_ACTIVITY_:
All of the data below should come back exactly as written, minus its images.

_ENTRIES PROVIDED_:
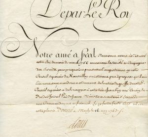 «De par le Roy/Notre aimé a Feal Nous vous avons adressé notre Edit du mois de mars 1762 concernant la société et compagnie des Jesuites pour en requérir et poursuivre l’enregistrement en notre Conseil supérieure de Roussillon et n’estimant pas à propos qu’il ait lieu nous vous mandons et ordonnons de le retirer du greffe de notre Conseil supérieur et de le renvoyer à notre très cher et bien aimé Cousin le Duc de Choiseul Pair de France Ministre et secrétaire d’Etat et de ...Donné à Marly le 16 mai 1763. Signature secrétaire «Louis» 1 page in-fol – SUP
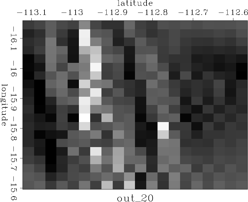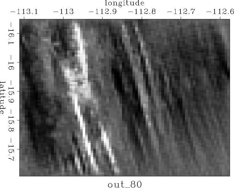 The model M can be chosen to have any number of points within the practical limitations of the data. The multigrid approach taken here is to begin by inverting for a very coarse model, with just 20 points on a side, and use the output as the initial guess for a more detailed model (the 20 by 20 model is pixel zoomed to become a 40 by 40 model, each bin being divided into four), and in this way gradually obtaining more detailed models. This serves several purposes. First, information is propagated into large unknown areas more quickly; the large unknown areas visible in Figure ras18 correspond to only a few tens of model points in the early stages of the problem. Second, because the filter isn't scaled up or down with the model, it operates on a range of spatial frequencies - the physical space occupied by the filter decreases as the number of points in model space increases. Thus large scale features and trends are resolved early in the inversion, and smaller scale features are overlaid. The workings of this are well illustrated by results displayed in Figures out2020 through out160160.
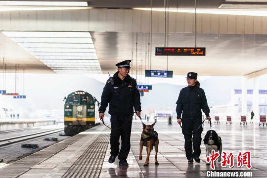 拉薩車站派出所民警惠旭東與見習民警易楠攜犬在站臺巡邏。 胡安鵬 攝
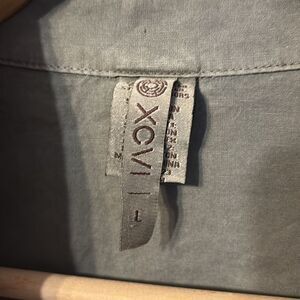 Army green zip jacket from XCVI. Crochet patch pockets. 3/4 sleeves. Size large.
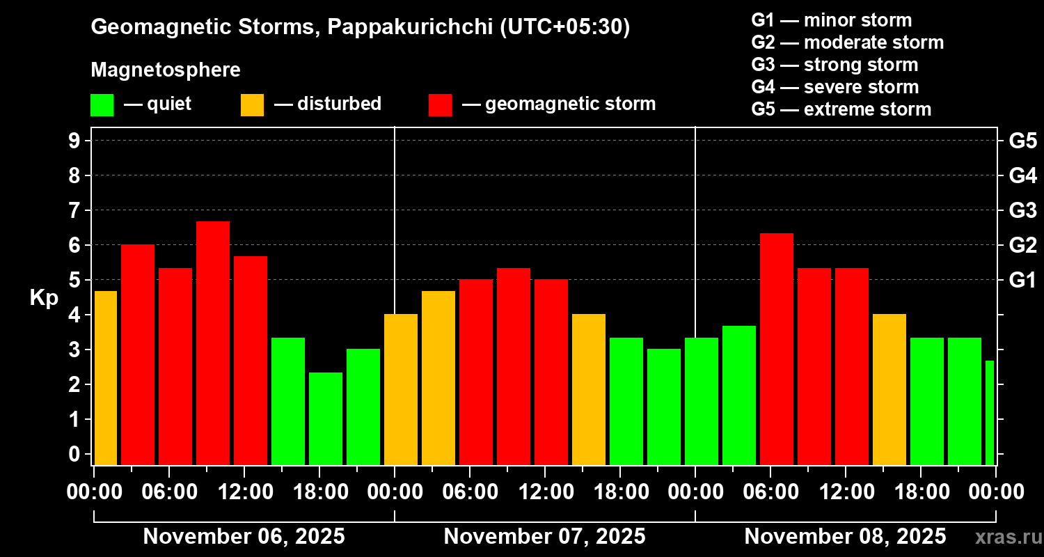 Geomagnetic storms in Pappakurichchi — Nov 08, 2025
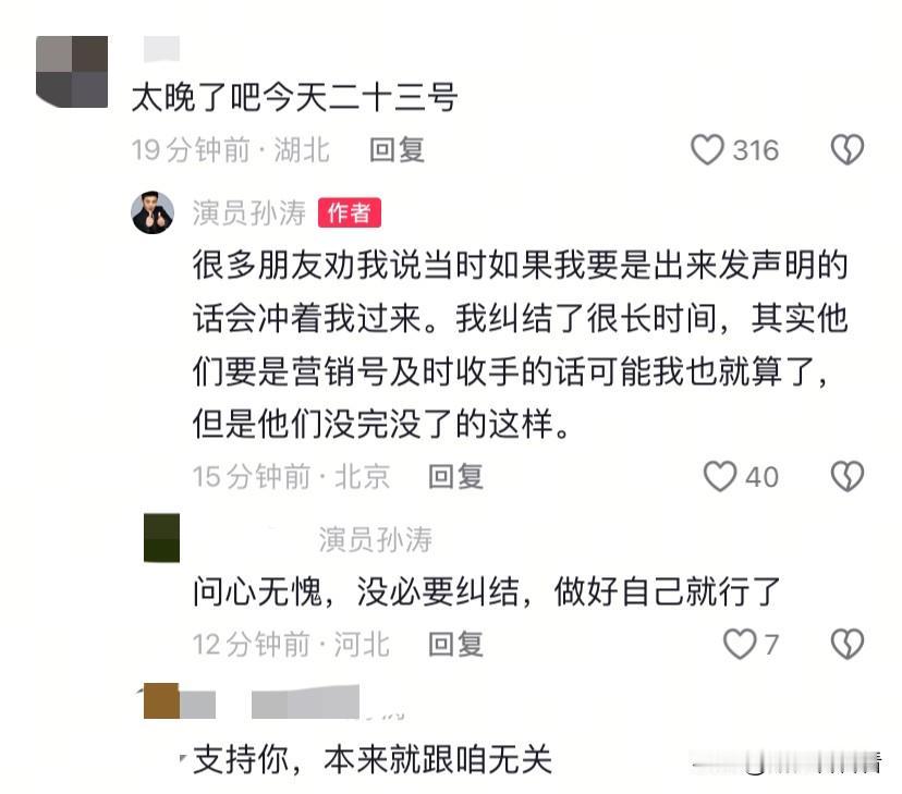 孙涛正式对力挺闫学晶这件事做出回应,他表示回应晚了,应该第一时间出来回应的,被网
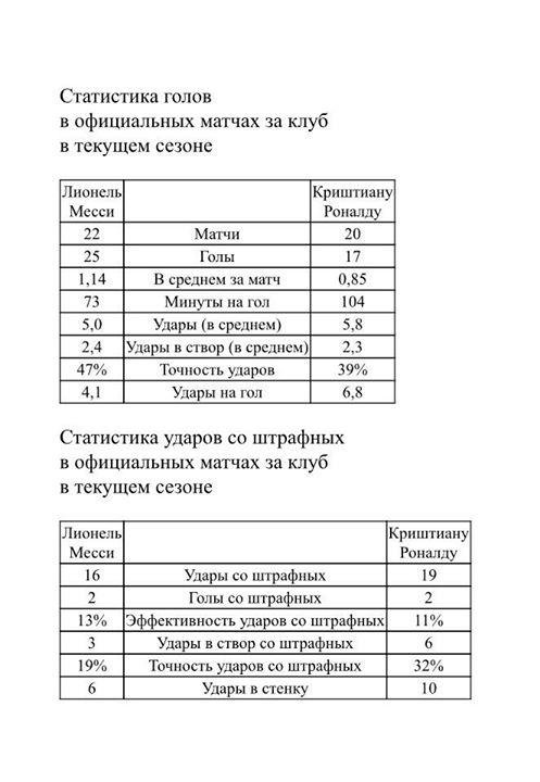 В матче с Вильярреалом Месси, кстати, нанёс 100-й удар по воротам в сезоне. У Роналду больше, но эффективность пока хромает. В сравнении с Лео, конечно. Нам бы такие проблемы с эффективностью...".

_REPLY TO THE EXERCISE_:
 «De par le Roy/Notre aimé a Feal Nous vous avons adressé notre Edit du mois de mars 1762 concernant la société et compagnie des Jesuites pour en requérir et poursuivre l’enregistrement en notre Conseil supérieure de Roussillon et n’estimant pas à propos qu’il ait lieu nous vous mandons et ordonnons de le retirer du greffe de notre Conseil supérieur et de le renvoyer à notre très cher et bien aimé Cousin le Duc de Choiseul Pair de France Ministre et secrétaire d’Etat et de ...Donné à Marly le 16 mai 1763. Signature secrétaire «Louis» 1 page in-fol – SUP
 The model M can be chosen to have any number of points within the practical limitations of the data. The multigrid approach taken here is to begin by inverting for a very coarse model, with just 20 points on a side, and use the output as the initial guess for a more detailed model (the 20 by 20 model is pixel zoomed to become a 40 by 40 model, each bin being divided into four), and in this way gradually obtaining more detailed models. This serves several purposes. First, information is propagated into large unknown areas more quickly; the large unknown areas visible in Figure ras18 correspond to only a few tens of model points in the early stages of the problem. Second, because the filter isn't scaled up or down with the model, it operates on a range of spatial frequencies - the physical space occupied by the filter decreases as the number of points in model space increases. Thus large scale features and trends are resolved early in the inversion, and smaller scale features are overlaid. The workings of this are well illustrated by results displayed in Figures out2020 through out160160.
 拉薩車站派出所民警惠旭東與見習民警易楠攜犬在站臺巡邏。 胡安鵬 攝
 Army green zip jacket from XCVI. Crochet patch pockets. 3/4 sleeves. Size large.
 Geomagnetic storms in Pappakurichchi — Nov 08, 2025
 孙涛正式对力挺闫学晶这件事做出回应,他表示回应晚了,应该第一时间出来回应的,被网
 В матче с Вильярреалом Месси, кстати, нанёс 100-й удар по воротам в сезоне. У Роналду больше, но эффективность пока хромает. В сравнении с Лео, конечно. Нам бы такие проблемы с эффективностью...".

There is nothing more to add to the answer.